> [Records shown]
- Opening Delimiter -

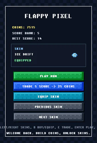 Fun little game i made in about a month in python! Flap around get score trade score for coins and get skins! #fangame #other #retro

- Closing Delimiter -
- Opening Delimiter -

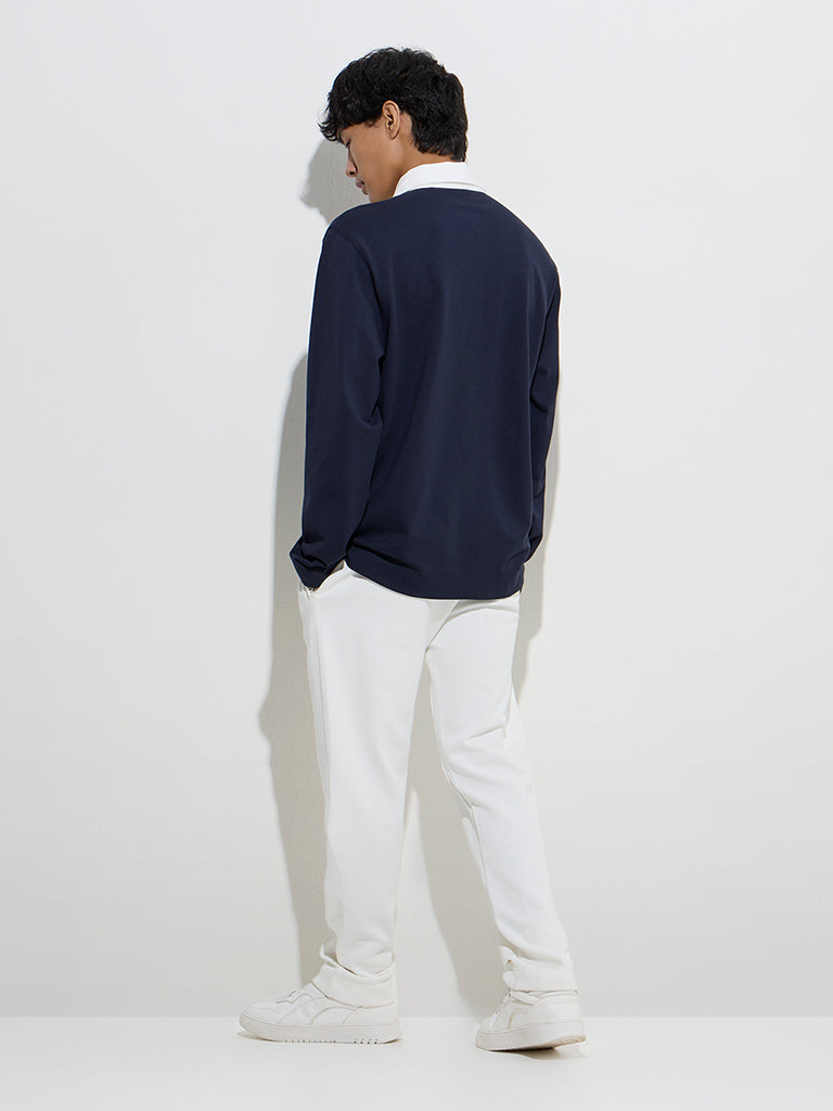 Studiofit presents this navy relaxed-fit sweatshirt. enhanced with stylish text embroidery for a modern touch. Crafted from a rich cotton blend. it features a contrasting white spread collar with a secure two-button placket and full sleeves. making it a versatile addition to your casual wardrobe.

- Closing Delimiter -
- Opening Delimiter -

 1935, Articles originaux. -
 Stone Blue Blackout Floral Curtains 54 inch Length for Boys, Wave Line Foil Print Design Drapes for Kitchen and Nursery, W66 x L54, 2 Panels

- Closing Delimiter -

> [Exercise prompt] In the listing above, transcribe exactly everything from the line containing "1935, Articles originaux." down to the line containing "Stone Blue Blackout", including both and nothing more.

> [Task response]
 1935, Articles originaux. -
 Stone Blue Blackout Floral Curtains 54 inch Length for Boys, Wave Line Foil Print Design Drapes for Kitchen and Nursery, W66 x L54, 2 Panels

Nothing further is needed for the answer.